(Stored data)
┏━━

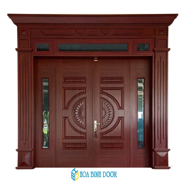 Cửa thép vân gỗ 4 cánh lệch màu vân gỗ cẩm lai
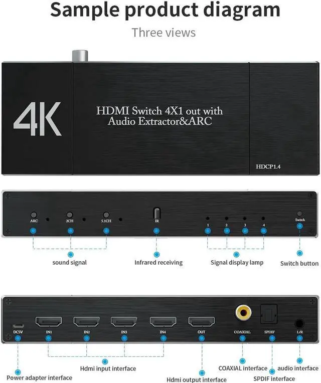 This HDMI Switch support 4 HDMI Inputs to 1 HDMI Output, can be applied for connection, signal amplification, multi-picture conversion and for selection between computer/PC, STB/Smart Box, DVD Player, Blue-ray Player, PS3/PS4 Pro and LCD TV,LCD,Projector, as well as an Audio/Video receiver.
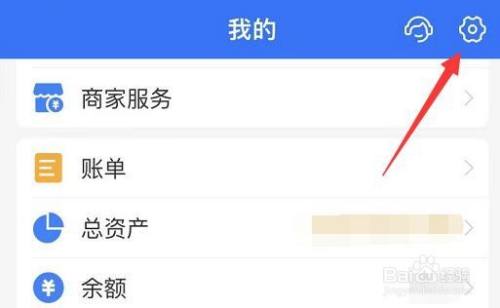首先进入手机支付宝,在“我的”界面中点击右上角的设置按钮,如图:
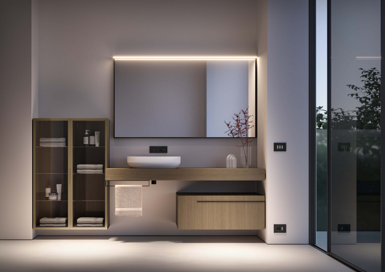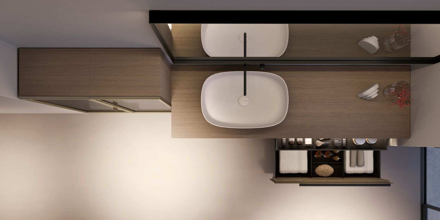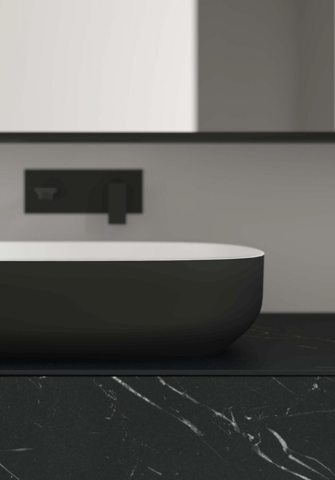 Vasque Laguna06 à poser sur le plan de toilette, en Cristalplant®. Disponible en blanc mat, colorée à l’extérieur ou colorée à l’intérieur et à l’extérieur dans les couleurs mates et Metal Color des nuanciers Ideagroup (les finitions Metal Color ne peuvent être appliquées que sur l’extérieur). Sans trop-plein. Disponible pour plans de toilette linéaires avec profondeur 36 et 45,5 cm.
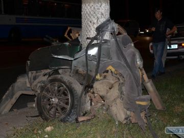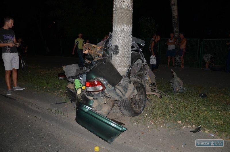Автомобиль Nissan Maxima поздно вечером в четверг, 9 августа на большой скорости в заносе врезался в столб на ул. Сортировочной в Одессе. Удар был такой силы, что иномарку в буквальном смысле этого слова разорвало на несколько частей - передняя часть корпуса машины отлетела примерно на 150 метров, сообщает .
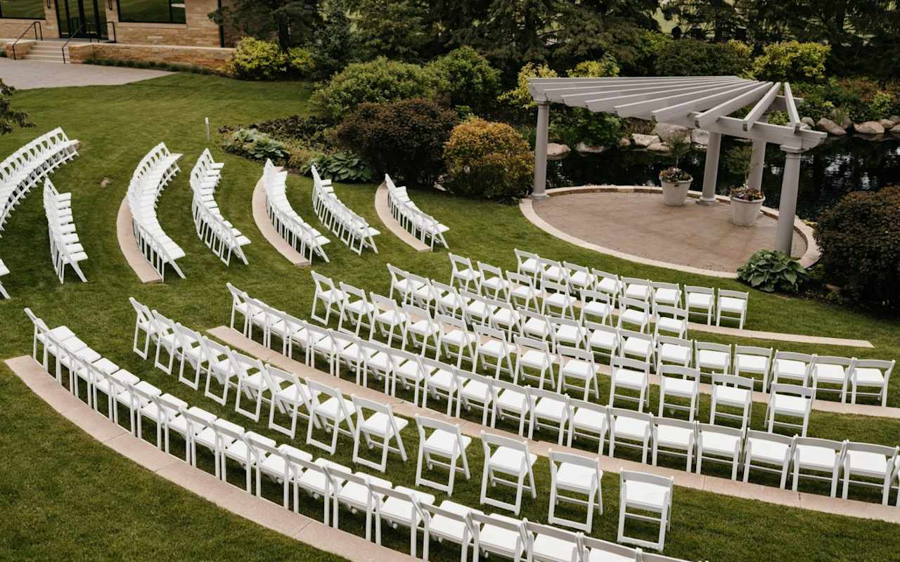 Your ceremony at Olympic Hills features a beautiful pergola overlooking our serene waterfall garden and glistening pond. The site offers tiered amphitheater seating with elegant white ceremony chairs. The spectacular sunsets behind the ceremony site each and every night is a photographer's dream come true. Our experienced and passionate team (keep scrolling to meet Emily!) are all yours from booking and planning all the way through to your last dance! We're here to make your special day everything you've ever wanted and more.
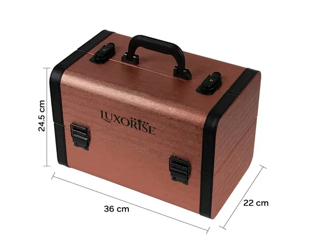 Geanta Produse Cosmetice Beautify Gold - LUXORISE este ideala pentru pastrarea si transportul produselor de manichiura. Beautify Gold este impartita in compartimente si detine un spatiu generos. Cu un design minimalist, geanta este practica si perfecta pentru profesionistii in miscare. Avantaje Geanta Beautify Gold - Materiale calitate superioara - Depozitare accesorii manichiura / produse cosmetice - Compartimentare ergonomica - Transportul produselor in siguranta - Impermeabila si rezistenta - Interior & Exterior usor de curatat Dimensiuni exterioare: 36 x 22 x 24.5 cm Dimensiuni sertare deschise: 92 cm Dimensiuni interioare: 34.5 x 20 x 11.5 cm Dimensiune sertar cu separatoare: 19 x 16 x 5.5 cm Dimensiuni sertare fara separatoare: 19 x 16 x 2.5 cm Produsul cu denumirea Geanta Produse Cosmetice Beautify Gold - LUXORISE face parte din brandul Luxorise, se afla in categoria Aparatura unghii si subcategoria
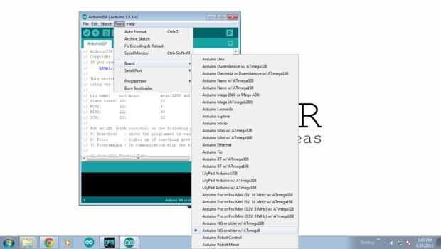 Seleccione la Herramientas >> Junta y select correspondiente junta en la que desea grabar el bootloader, estoy usando atmega8 como microcontrolador de destino por lo que voy a elegir tablero Arduino NG o mayores con Atmega8
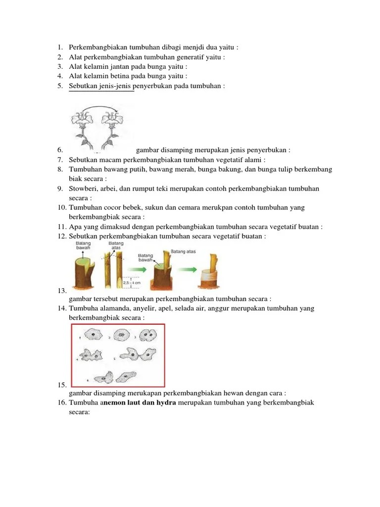Pertumbuhan vegetatif dan generatif adalah proses penting dalam siklus hidup setiap jenis tumbuhan. ® fase juvenile/vegetatif = fase pertumbuhan tanaman mulai pertama tumbuh sampai akan berbunga. Apa yang dimaksud dengan perkembangbiakan vegetatif? Fase vegetatif dan generatif tanaman. Buah kemudian mulai berkembang saat terjadi penyerbukan grameds. Kultur jaringan adalah jenis perkembangbiakan vegetatif buatan,. Proses penyerbukan adalah proses jatuhnya atau menempelnya serbuk sari di kepala putik pada . Yang dimaksud dengan perhiasan bunga yaitu kelopak dan mahkota. Simak penjelasan di bawah ini tentang pengertian dan . Reproduksi vegetatif adalah cara reproduksi tanpa melalui peleburan gamet jantan dan . Keuntungan utama dari reproduksi aseksual (vegetatif) adalah tidak memerlukannya penyerbukan. Penyerbukan adalah peristiwa jatuhnya serbuk sari pada kepala putik. Seperti makhluk hidup lainnya, tumbuhan juga berkembang biak untuk memperbanyak jumlahnya.
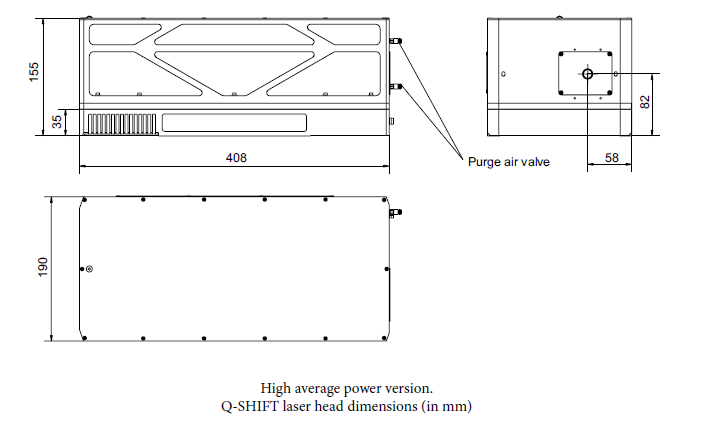 低平均功率版本Q-SHIFT 激光头尺寸(单位:mm)
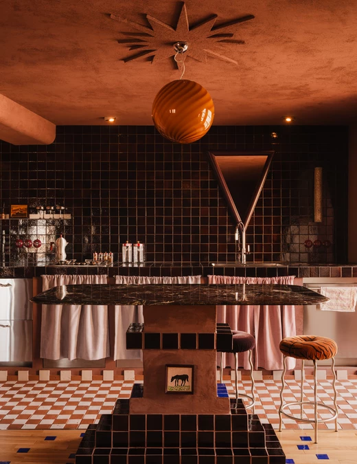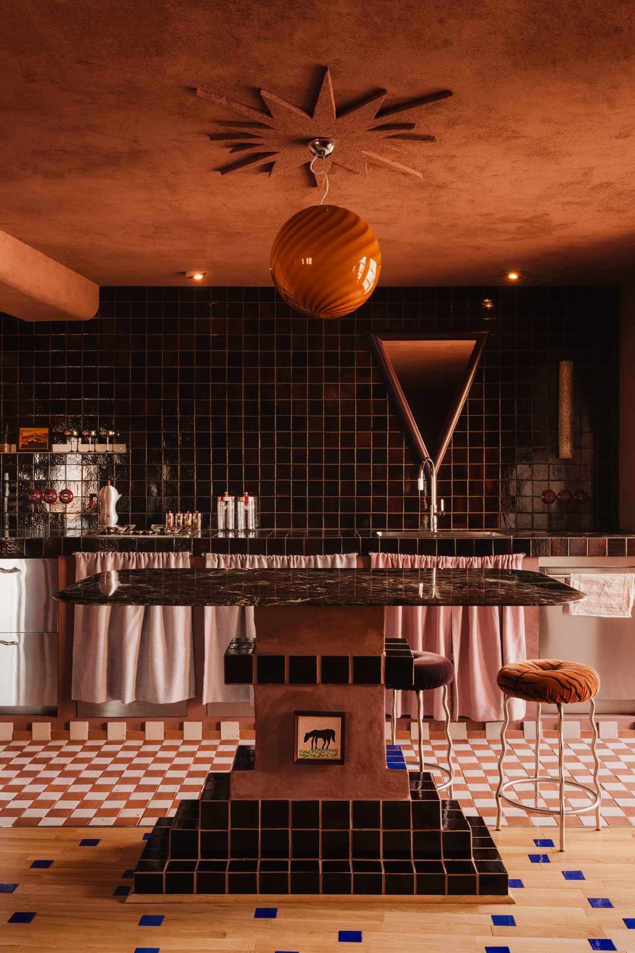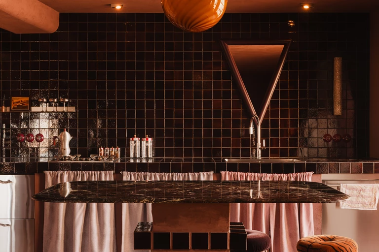 Wnętrze zaskakuje miękkością. Ściany pokryto farbą strukturalną, która w dotyku i odbiorze wizualnym przypomina welur, a kanciaste narożniki filarów konstrukcyjnych zostały zaoblone, co dodatkowo „otula” przestrzeń. W tej scenerii kuchnia w stylu hiszpańskim, z zasłonkami zamiast tradycyjnych frontów, wydaje się naturalnym wyborem – to od niej zaczął się cały proces projektowy.
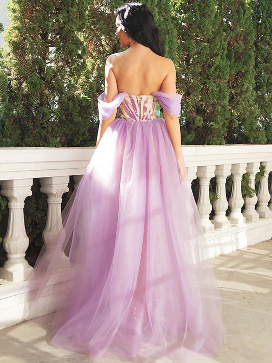 A-Line Prom Dresses Sparkle & Shine Dress Engagement Floor Length Long Sleeve Sweetheart Tulle with Sequin
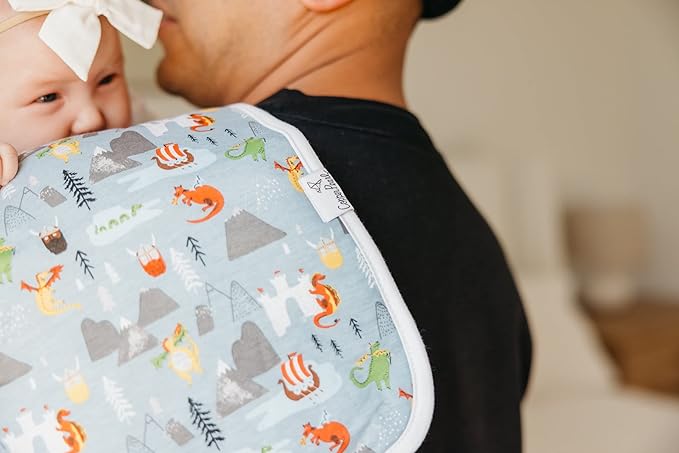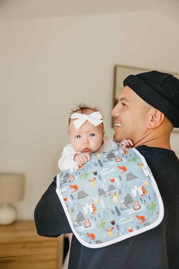 - EXTRA LARGE SIZE: Our thick burp cloths come in a generous 21x10 inch size, providing greater shoulder coverage (and less outfit changes) for Mom and Dad. These are newborn essentials - ensuring maximum absorption and comfort for both baby and parent.
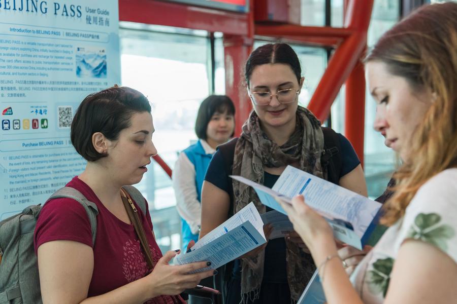 7月31日,外籍来华游客在北京首都国际机场阅览“BEIJING PASS”办理手册。新华社发
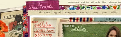 64. Кусочки ткани, вышивка и надписи на хедере сайта FreePeople
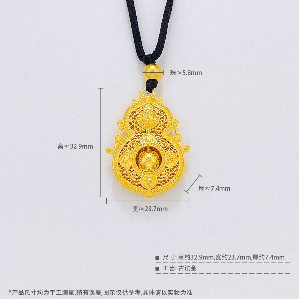 【限时克减150元】足金999.9 #葫芦 #宫廷风 古法镂空挂绳吊坠国潮古风人生四美葫芦喜报三元可转金珠葫芦吊坠(含珠子)(GFDZW00390-01),(预售产品下单后不退款不退货不换货不补差价)
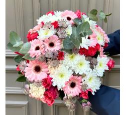 Commandez ce magnifique bouquet de fleurs dans les tons roses pour toutes les occasions et aussi les fêtes de fin d'année (Noël, réveillon, ...). Cette création florale est composée de gerberas, d'astransia, de roses roses et de son feuillage. Un bouquet tout en douceur.
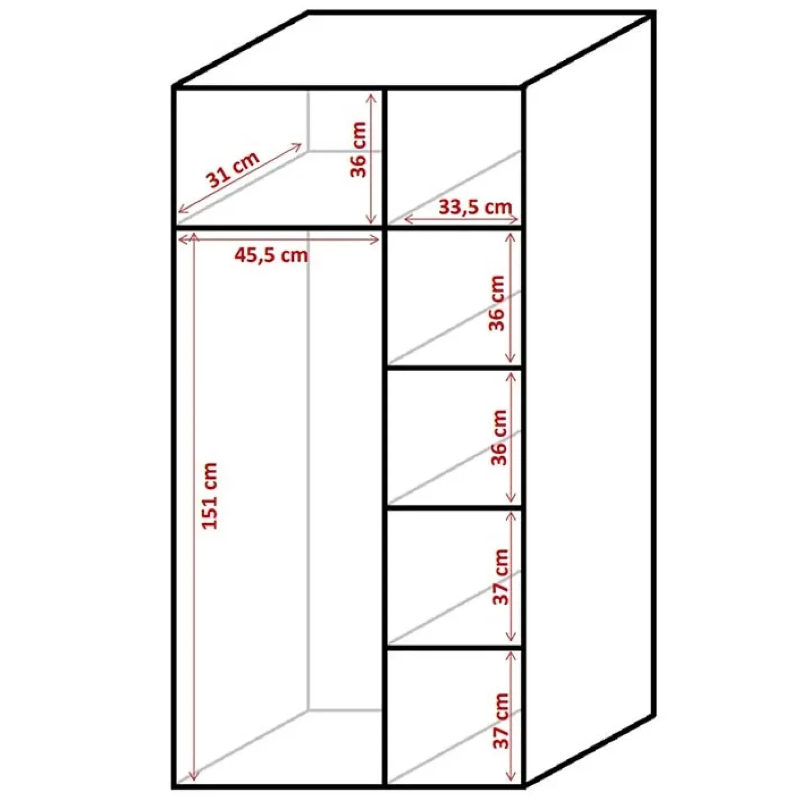- dimensioni: L.85 x H.195 x P.34 cm

┗━━

# [Work required]
The lines above starting at the one that holds "- EXTRA LARGE" and ending at the one that holds "64. Кусочки ткани, вышивка" are to be written out exactly, ends included, and no pictures are to be copied.

# [Finished task]
 - EXTRA LARGE SIZE: Our thick burp cloths come in a generous 21x10 inch size, providing greater shoulder coverage (and less outfit changes) for Mom and Dad. These are newborn essentials - ensuring maximum absorption and comfort for both baby and parent.
 7月31日,外籍来华游客在北京首都国际机场阅览“BEIJING PASS”办理手册。新华社发
 64. Кусочки ткани, вышивка и надписи на хедере сайта FreePeople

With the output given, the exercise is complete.